DATA SEGMENT =
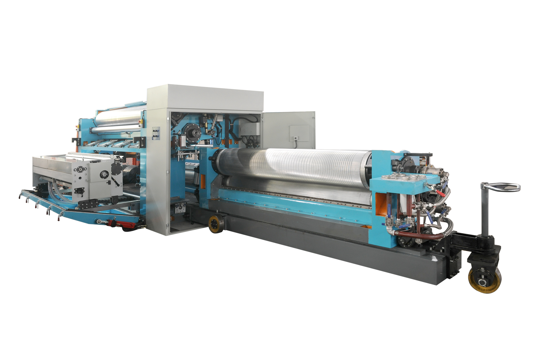 - Big diameter corrugating rolls (with diameters of Φ478/Φ478) ensure perfect flute formation at high speed, made of high strength chrome molybdenum alloy steel, and induction hardened with hardness up to HRC55~60.
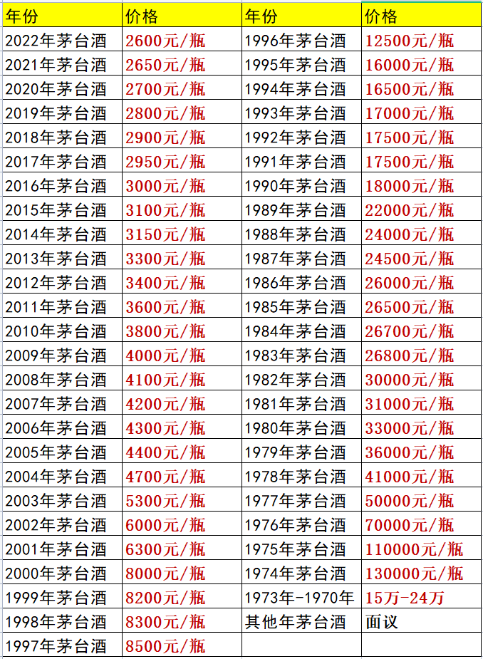1969年-1953年 茅臺25萬-260萬/瓶。
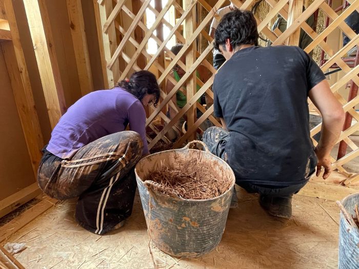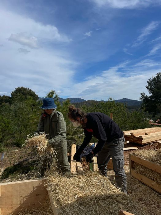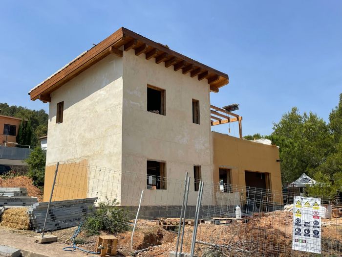 La maison est située dans un lotissement entre deux parcs naturels au nord de Valence, en Espagne. Il s’agit d’une maison à deux niveaux et d’une centaine de mètres carrés. Les travaux ont commencé le 1er avril et sont allés très vite grace à l'aide d'une coopérative locale de bioconstruction sur le gros œuvre. La structure est composée de caissons à double montant remplis de bottes de paille. À ce jour, les enduits intérieurs et extérieurs doivent encore être terminés, ainsi que plusieurs cloisons de BTC, les faux plafonds dans les salles de bain, installation de fenêtres/portes, carrelage et pose de plancher.

TASK DIRECTIONS = Output the full listing above exactly, excluding all pictures.

EXERCISE OUTPUT =
 - Big diameter corrugating rolls (with diameters of Φ478/Φ478) ensure perfect flute formation at high speed, made of high strength chrome molybdenum alloy steel, and induction hardened with hardness up to HRC55~60.
1969年-1953年 茅臺25萬-260萬/瓶。
 La maison est située dans un lotissement entre deux parcs naturels au nord de Valence, en Espagne. Il s’agit d’une maison à deux niveaux et d’une centaine de mètres carrés. Les travaux ont commencé le 1er avril et sont allés très vite grace à l'aide d'une coopérative locale de bioconstruction sur le gros œuvre. La structure est composée de caissons à double montant remplis de bottes de paille. À ce jour, les enduits intérieurs et extérieurs doivent encore être terminés, ainsi que plusieurs cloisons de BTC, les faux plafonds dans les salles de bain, installation de fenêtres/portes, carrelage et pose de plancher.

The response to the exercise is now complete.